Do Masters Champions Get to Keep the Green Jacket?

Each year after the conclusion of The Masters Tournament, the winner is presented with the club's famous "Green Jacket." But what happens after the presentation ceremony is over — does the golfer get to keep the jacket?

The Green Jacket first became the symbol of Augusta National Golf Club membership in 1937, when the club placed an order for all members (members had to pay for their jacket themselves, however). The famous coats weren't presented to Masters winners until 1949, though, when Sam Snead became the first Masters champ presented with a Green Jacket.

Since then, every year the tournament winner takes part in a presentation ceremony during which he slips into the Green Jacket. Actually, today there are two such ceremonies: the one inside the television broadcasters' studio inside Butler Cabin; then the larger celebration outside on the golf course.

What happens next? Does the Masters winner get to keep his Green Jacket? Yes — but only for a limited time away from Augusta National Golf Club.

Green Jackets — those given to Augusta National members and those presented to Masters champions — are required by the club to remain on the premises. Members and past champions essentially have visitation rights: Any time they are at the club, they retrieve their Green Jacket (they are all monogrammed) and wear it. When they leave the club, their jacket goes back into storage.

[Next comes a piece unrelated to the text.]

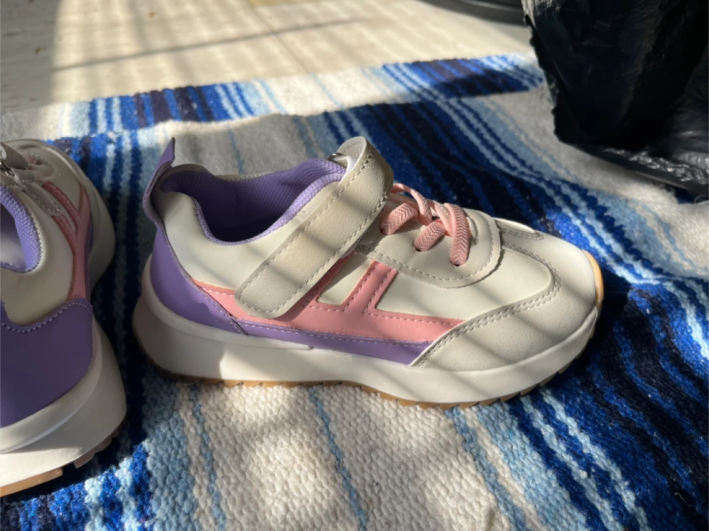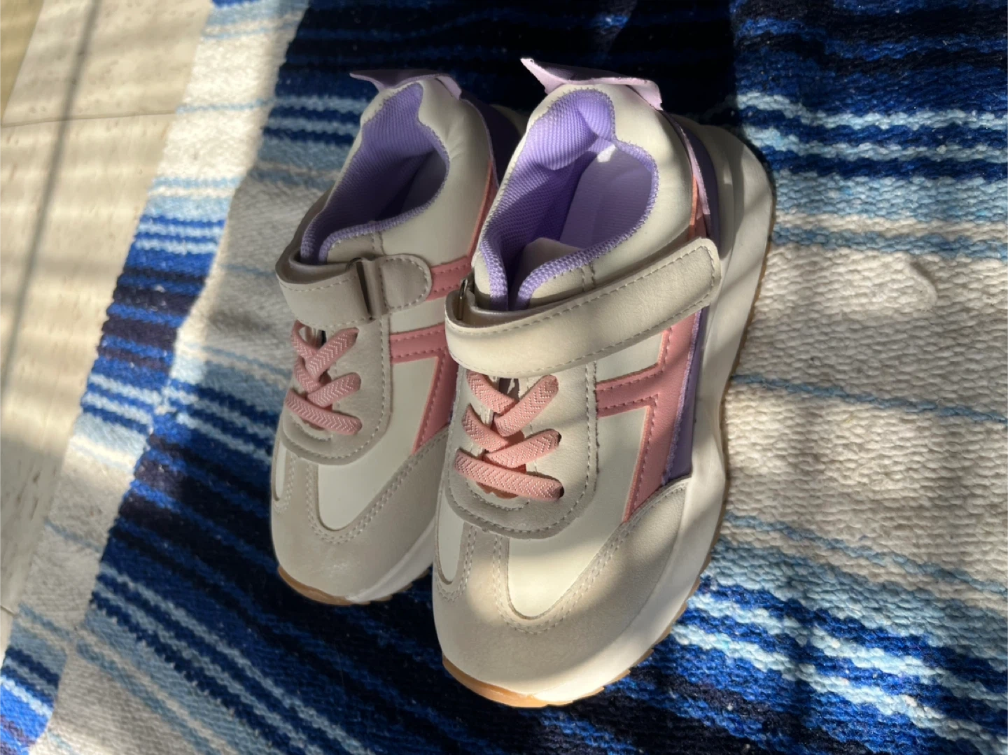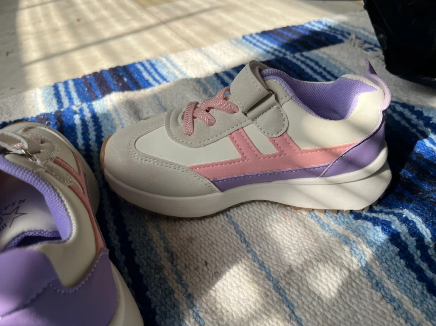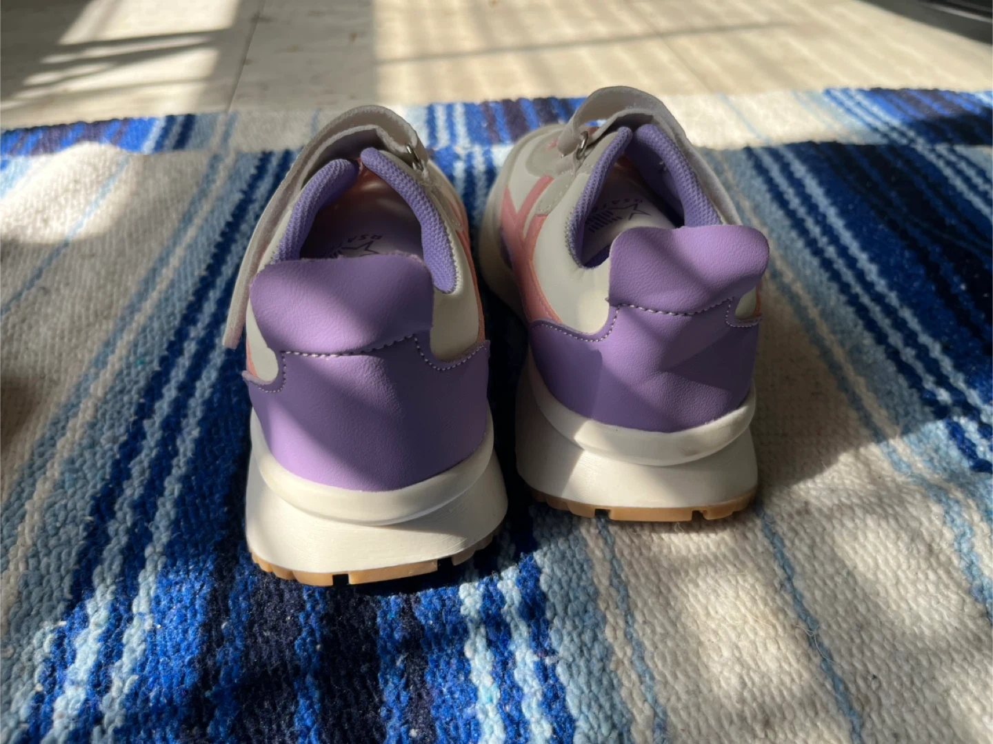 These toddler girl's sneakers are in great condition and ready for a new home! They feature a cute white and purple color scheme with pink laces and a velcro strap for easy on and off. Perfect for your little one's adventures! Size 12

The new Masters champion each year, however, gets to take his Green Jacket home with him. When the winner returns the following year, he brings the jacket back to Augusta National and from that point the jacket remains on club grounds.

So each year's champion gets to take his Green Jacket home with him for one year; the jackets of everyone else remain on the club grounds at all times. That's the rule.

That rule has been breached a few times. Gary Player, famously, took his Green Jacket home with him and never returned it to the club. That was in 1962; the club lets him get away with it out of a sort of tradition (and because he's Gary Player). Billy Casper wanted to be buried in his Green Jacket. When he died in 2015, his wishes were communicated to Augusta National, which provided his family with Casper's jacket, and he was, in fact, buried in it.

A few Green Jackets have escaped Augusta National over the years and come up for auction. There is dispute, in some cases, over authenticity (whether the jackets in question were the ones kept at Augusta National, or whether they were replicas the golfers had made for their own keeping, which is common). Augusta National has successfully sued several times to stop the auctioning of Green Jackets.